AmericasNLP 2026 Annotation Guideline

3 minute read

Published:

Example

El Fandi performing a verónica

Reference caption (guideline): Un torero realiza un lance a la verónica con el capote ante el toro en la plaza.


5 — Excellent

“Un torero ejecuta una verónica con el capote ante el toro en la plaza.”

Fluent Spanish, accurate description, and uses the correct cultural term (verónica) for the specific cape pass shown. Nothing to fix.


4 — Good

“Un hombre con traje rojo sostiene una tela frente a un toro grande.”

Clear, correct Spanish and the description matches the image, but it avoids the cultural and technical vocabulary — “hombre” instead of torero, “traje rojo” instead of traje de luces, “tela” instead of capote, and no mention of the specific pass (verónica). Accurate but not culturally precise.


3 — Mixed

“Un hombre con ropa de colores sostiene una tela en un lugar grande.”

The Spanish is good, but the description is far too vague — it avoids all cultural terms, does not mention the bull at all, and gives almost no useful information about what is happening. Technically not wrong, but not clearly useful either.


2 — Poor

“Mujer azul con guitarra en parque luchar pequeño en calle mucho.”

The language is broken — missing articles, no conjugated verbs, no real sentence structure — and the content is largely wrong (no woman, no guitar, no park). Recognizable as an attempt, but unusable as a caption.


1 — Unusable

“Torador bulleando capelar el rojado arenoso con grandote luchamiento plazudo.”
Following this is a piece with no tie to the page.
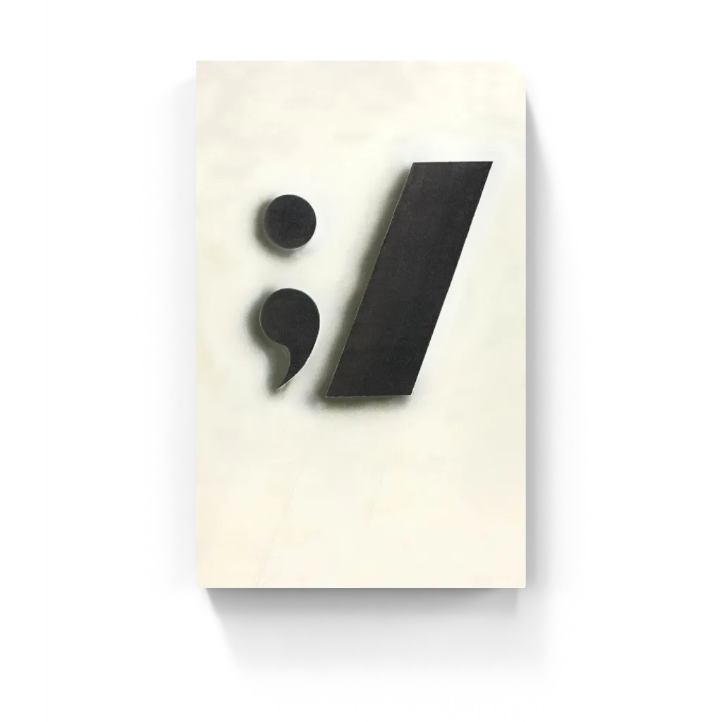 A bold semicolon and slash rendered in solid black shapes dominate a pale, silent field. This conceptual minimalist art distills language into form—pause, break, forward—transforming punctuation into a sculptural code of rhythm and intent.
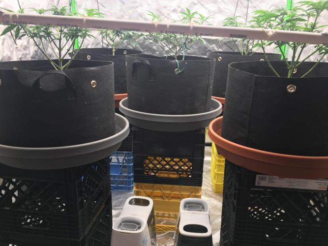 Ladies are healthy. Still might have a little nitro deficiency on the WW but the Ricky's is looking green all around. The bloodmeal is working well, doesn't smell great though. Did our nematode follow up so they've had a little too much water. No sign of fungal gnats remains (I hope...). The girls got moved into their final 10-gal pots. Got some new large pot bases to accommodate them and allow for bottom-feeding (stupid expensive @ ~). They probably could have been transplanted sooner, to be honest. I did not water after transplant because they're plenty wet.

The words look Spanish but most are invented or malformed, and the sentence cannot be understood. Not really written in the language.


Rating Guide

This page shows how the 1–5 rating scale works in practice, using a Spanish caption example.


How to rate

For each system caption, give one overall score from 1 to 5, considering two dimensions:

  1. Language quality — Is it written in the target language? Is it grammatical, fluent, and natural? If the language is broken, the caption cannot score high even if the content is right.
  2. Image fidelity & cultural appropriateness — Does the caption describe what you actually see in the image? Does it use the right cultural terms? Would someone from the community find it respectful and accurate?

Rating scale

  • 5 — Excellent: Fluent, natural language and an accurate, culturally grounded description of the image. Uses the correct cultural and technical terms. Nothing meaningful to fix.
  • 4 — Good: Clear, well-written language with a correct description, but has small flaws — e.g. minor language errors, missing caption details, or imprecise cultural vocabulary.
  • 3 — Mixed: The language is mostly understandable, but the caption gets things wrong about the image, omits important content, or is too vague to be clearly useful.
  • 2 — Poor: The language has serious problems (broken grammar, frequent errors, hard to follow) and the description is largely inaccurate. Still recognizable as an attempt at a caption.
  • 1 — Unusable: Not in the target language, not understandable as language, or completely unrelated to the image.